2026 retirement contribution limits: 401(k), IRA, HSA, and every catch-up
These are the 2026 contribution limits for the main tax-advantaged accounts, from IRS Notice 2025-67 (retirement plans and IRAs) and Rev. Proc. 2025-19 (HSAs). Workplace-plan and IRA limits are indexed to inflation each fall; a few amounts — the HSA catch-up, the MFS phase-out ranges — are fixed by statute and never move.
The number most people ask about first: the employee deferral limit for 401(k), 403(b), and governmental 457(b) plans rose to $24,500, and the age-50 catch-up rose to $8,000. New since SECURE 2.0, workers who turn 60 through 63 during the year get a larger “super catch-up” instead — and 2026 is the first year high earners’ catch-ups must be Roth.
Workplace plans: 401(k), 403(b), 457(b)
| Limit | 2026 amount | Notes |
|---|---|---|
| Employee elective deferral | $24,500 | Shared across 401(k)/403(b); a governmental 457(b) has its own separate $24,500 limit |
| Catch-up, age 50+ | $8,000 | Deferral ceiling becomes $32,500 |
| Super catch-up, ages 60–63 | $11,250 | Replaces (not adds to) the $8,000; ceiling becomes $35,750 |
| Total DC limit (§415(c)) | $72,000 | Employee + employer + after-tax combined; caps mega-backdoor Roth |
| Compensation limit (§401(a)(17)) | $360,000 | Max pay countable for plan contributions |
The age-60–63 super catch-up
SECURE 2.0 lets anyone who turns 60, 61, 62, or 63 during the calendar year make a catch-up of $11,250 in 2026 (150% of the 2025 catch-up, rounded) instead of the standard $8,000. It is a four-year window: in the year you turn 64 the limit drops back to the regular catch-up. And a Roth wrinkle now applies broadly: starting in 2026, if your prior-year Social Security wages from the plan sponsor exceeded $150,000, any catch-up contribution must be designated Roth — pre-tax catch-ups are off the table for those earners.

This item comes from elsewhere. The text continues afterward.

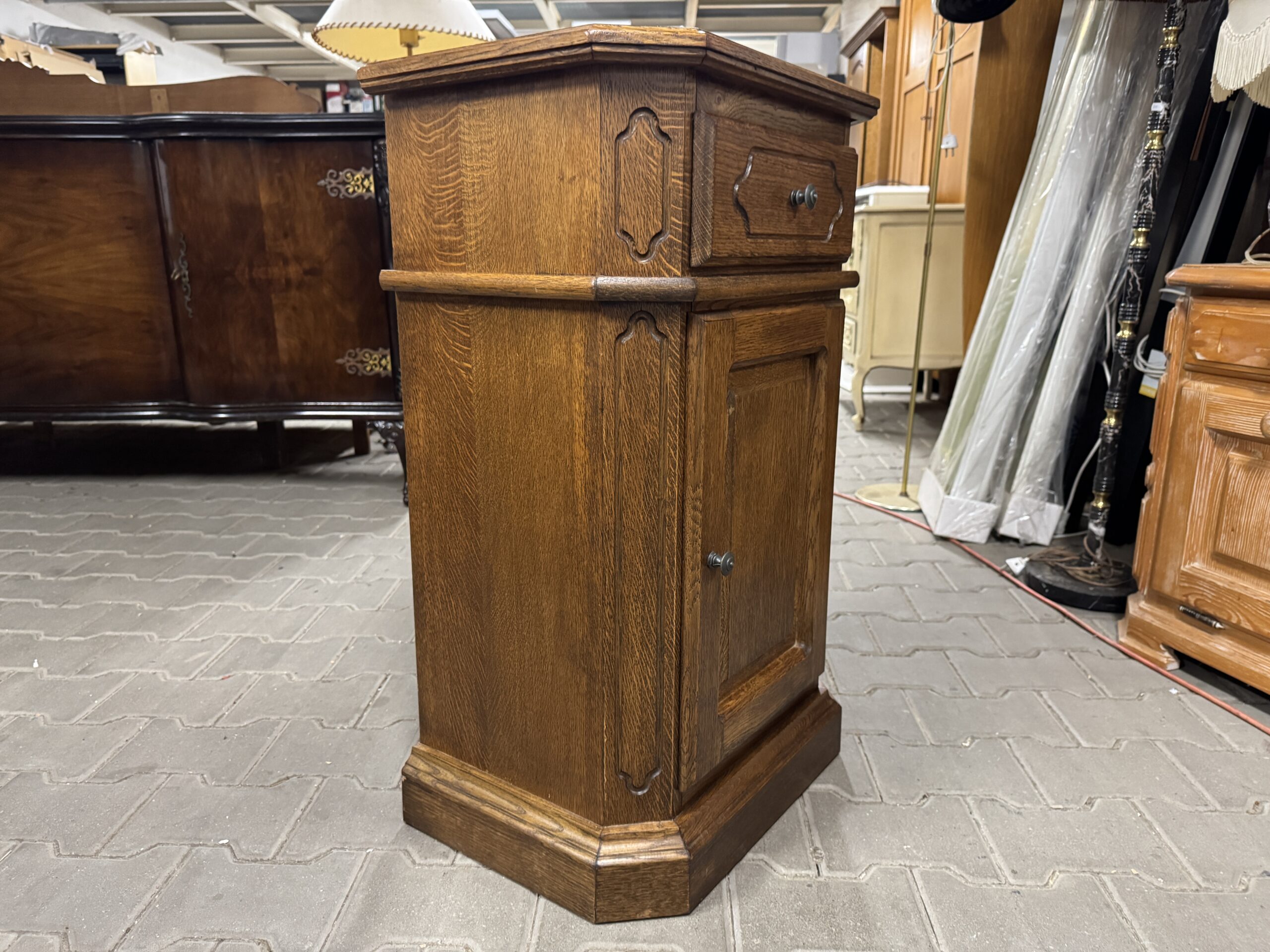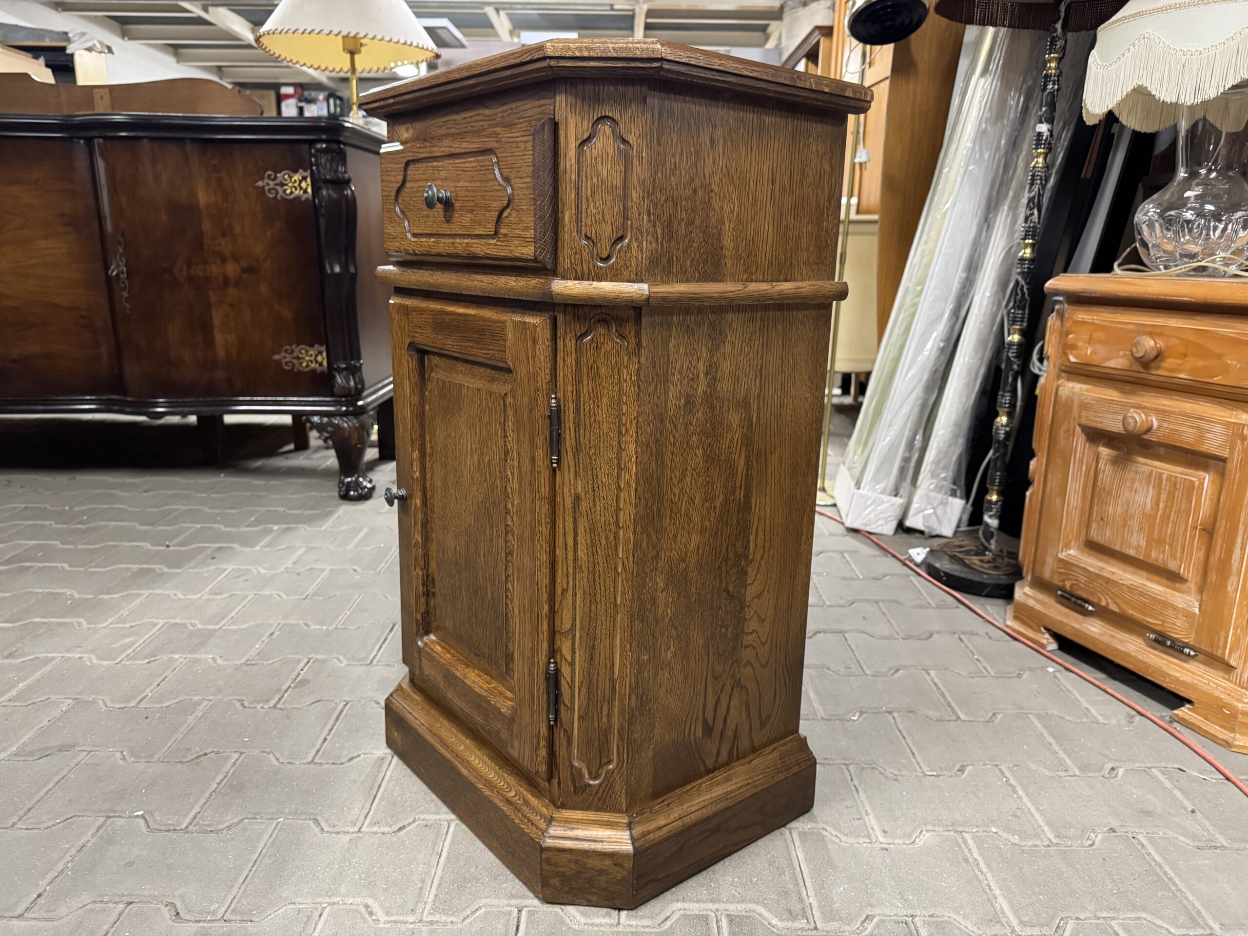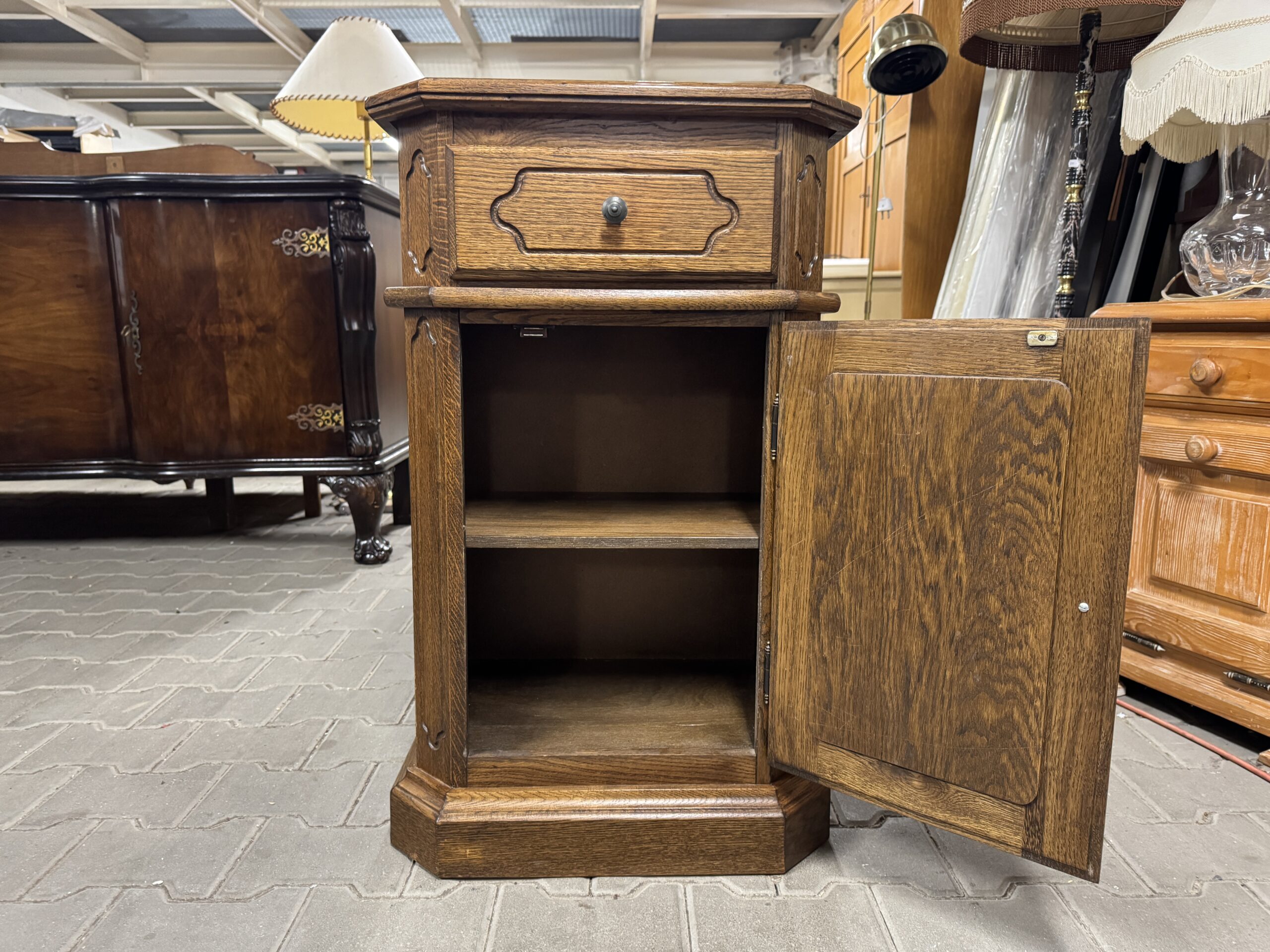 Mebel posiada jedną szufladę na górze oraz zamykane półki.

IRAs: traditional and Roth
| Item | 2026 amount |
|---|---|
| IRA contribution limit (traditional + Roth combined) | $7,500 |
| IRA catch-up, age 50+ (now inflation-indexed) | $1,100 |
| Traditional IRA deduction phase-out — single/HoH, covered by a workplace plan | $81,000 – $91,000 |
| Traditional IRA deduction phase-out — MFJ, contributing spouse covered | $129,000 – $149,000 |
| Traditional IRA deduction phase-out — MFJ, only the other spouse covered | $242,000 – $252,000 |
| Roth IRA contribution phase-out — single/HoH | $153,000 – $168,000 |
| Roth IRA contribution phase-out — MFJ | $242,000 – $252,000 |
| Roth IRA contribution phase-out — MFS | $0 – $10,000 (fixed by statute) |
There is no income limit on making a traditional IRA contribution or on converting to Roth — only on deducting the contribution or contributing to a Roth directly, which is what keeps the backdoor Roth relevant.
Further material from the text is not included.